EXERCISE BRIEF
Whenever the word "school" shows up in a line of the data, copy that line.
[DATA FOR THE TASK]
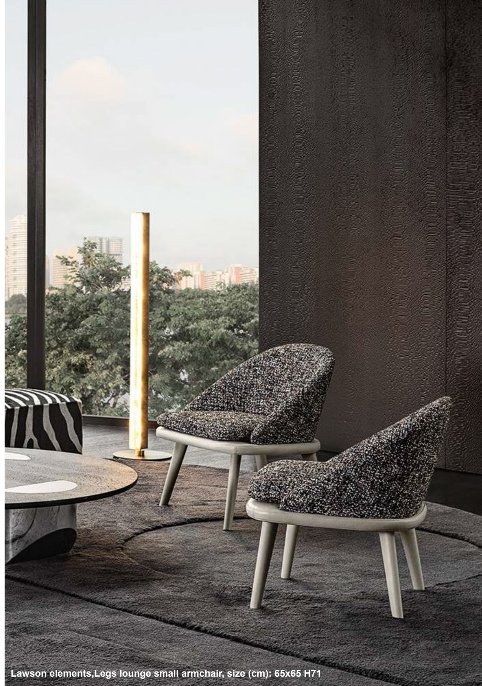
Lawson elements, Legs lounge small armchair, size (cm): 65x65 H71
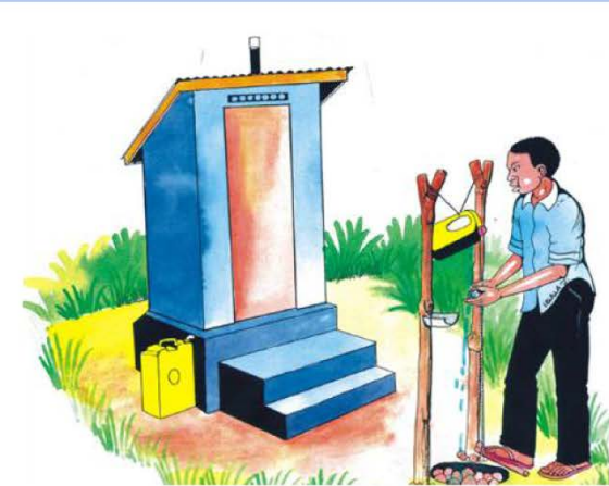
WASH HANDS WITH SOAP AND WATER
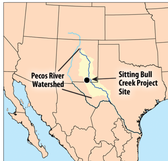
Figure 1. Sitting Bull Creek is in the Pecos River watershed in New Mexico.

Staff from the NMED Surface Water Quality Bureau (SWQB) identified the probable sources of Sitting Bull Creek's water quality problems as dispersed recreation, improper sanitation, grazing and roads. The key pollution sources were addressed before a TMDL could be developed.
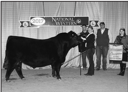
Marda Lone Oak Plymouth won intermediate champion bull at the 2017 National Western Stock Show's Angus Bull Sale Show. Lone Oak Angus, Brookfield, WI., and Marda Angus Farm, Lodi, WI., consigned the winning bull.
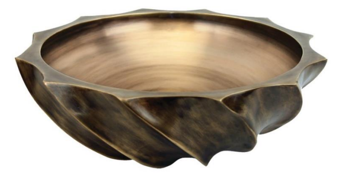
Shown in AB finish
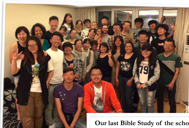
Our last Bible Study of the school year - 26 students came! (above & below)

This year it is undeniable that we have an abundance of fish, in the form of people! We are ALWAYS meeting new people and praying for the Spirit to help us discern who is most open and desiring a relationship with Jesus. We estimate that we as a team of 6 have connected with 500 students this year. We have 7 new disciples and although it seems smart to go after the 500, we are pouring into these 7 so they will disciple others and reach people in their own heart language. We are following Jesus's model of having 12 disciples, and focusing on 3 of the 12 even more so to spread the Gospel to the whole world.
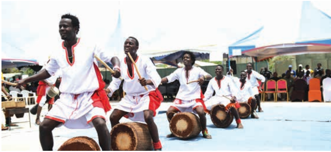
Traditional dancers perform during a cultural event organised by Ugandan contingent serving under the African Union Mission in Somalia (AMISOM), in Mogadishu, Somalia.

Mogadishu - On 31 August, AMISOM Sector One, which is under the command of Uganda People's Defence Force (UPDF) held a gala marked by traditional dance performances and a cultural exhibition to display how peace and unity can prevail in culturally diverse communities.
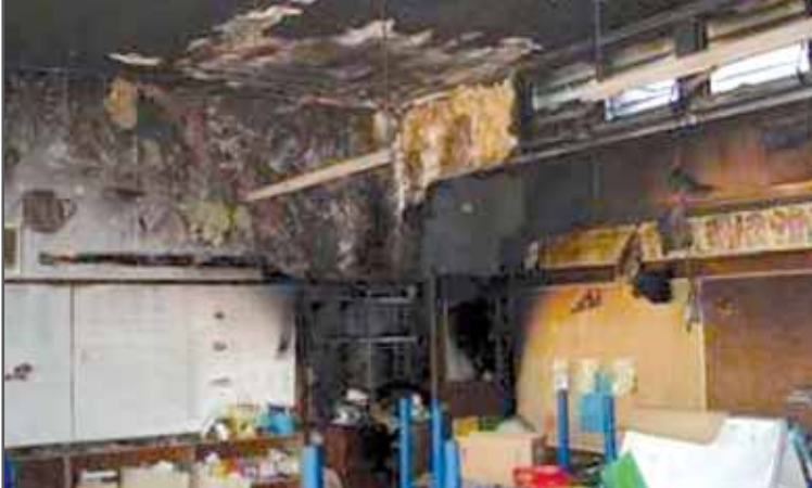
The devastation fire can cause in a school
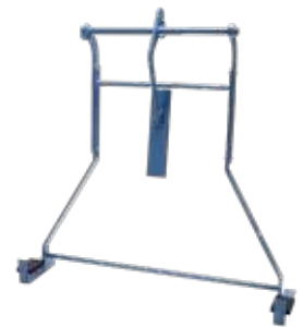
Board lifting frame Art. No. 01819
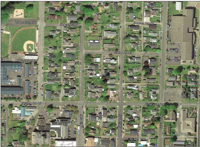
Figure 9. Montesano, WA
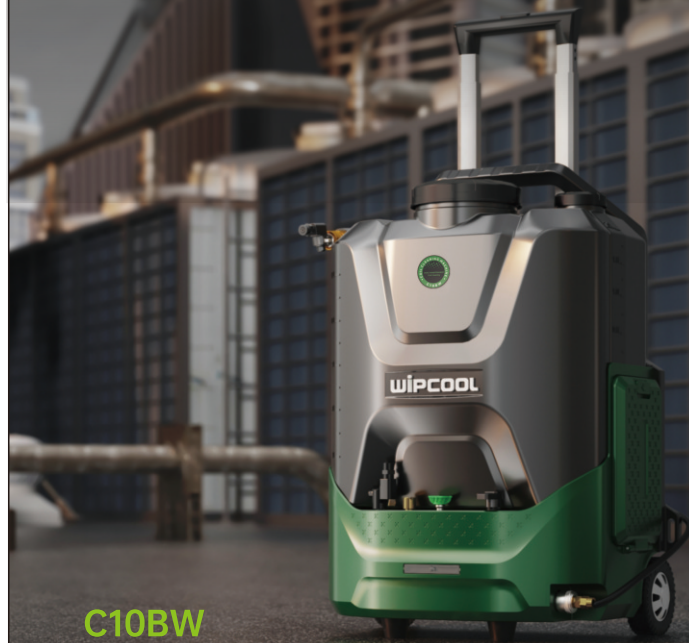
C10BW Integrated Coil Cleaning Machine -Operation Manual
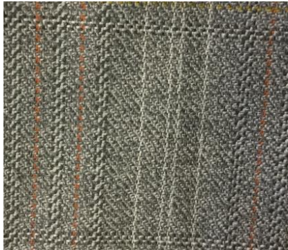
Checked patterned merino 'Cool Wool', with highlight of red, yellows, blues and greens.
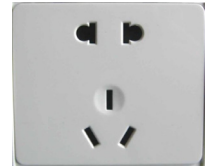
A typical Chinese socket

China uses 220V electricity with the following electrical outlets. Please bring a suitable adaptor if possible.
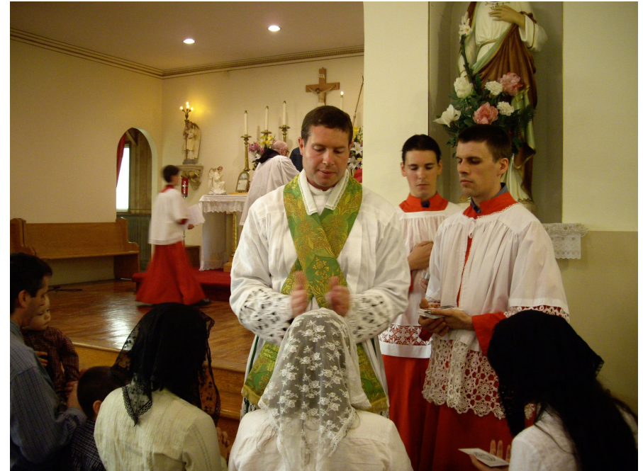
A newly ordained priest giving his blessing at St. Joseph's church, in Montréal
[/DATA FOR THE TASK]
[DATA FOR THE TASK]
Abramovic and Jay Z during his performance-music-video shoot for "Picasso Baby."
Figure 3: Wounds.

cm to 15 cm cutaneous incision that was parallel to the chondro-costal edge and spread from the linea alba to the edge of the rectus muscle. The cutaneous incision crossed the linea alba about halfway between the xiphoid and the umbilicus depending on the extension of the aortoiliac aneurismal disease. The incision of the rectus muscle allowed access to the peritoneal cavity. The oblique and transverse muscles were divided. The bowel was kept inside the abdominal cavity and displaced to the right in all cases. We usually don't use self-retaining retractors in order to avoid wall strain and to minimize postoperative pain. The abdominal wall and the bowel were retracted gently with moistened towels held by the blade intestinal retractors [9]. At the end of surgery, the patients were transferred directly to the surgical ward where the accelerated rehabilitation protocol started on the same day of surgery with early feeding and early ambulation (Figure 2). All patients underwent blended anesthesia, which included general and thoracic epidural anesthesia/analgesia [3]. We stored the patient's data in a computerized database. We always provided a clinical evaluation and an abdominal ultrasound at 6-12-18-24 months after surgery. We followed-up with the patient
[/DATA FOR THE TASK]
EXERCISE OUTPUT
Our last Bible Study of the school year - 26 students came! (above & below)
The devastation fire can cause in a school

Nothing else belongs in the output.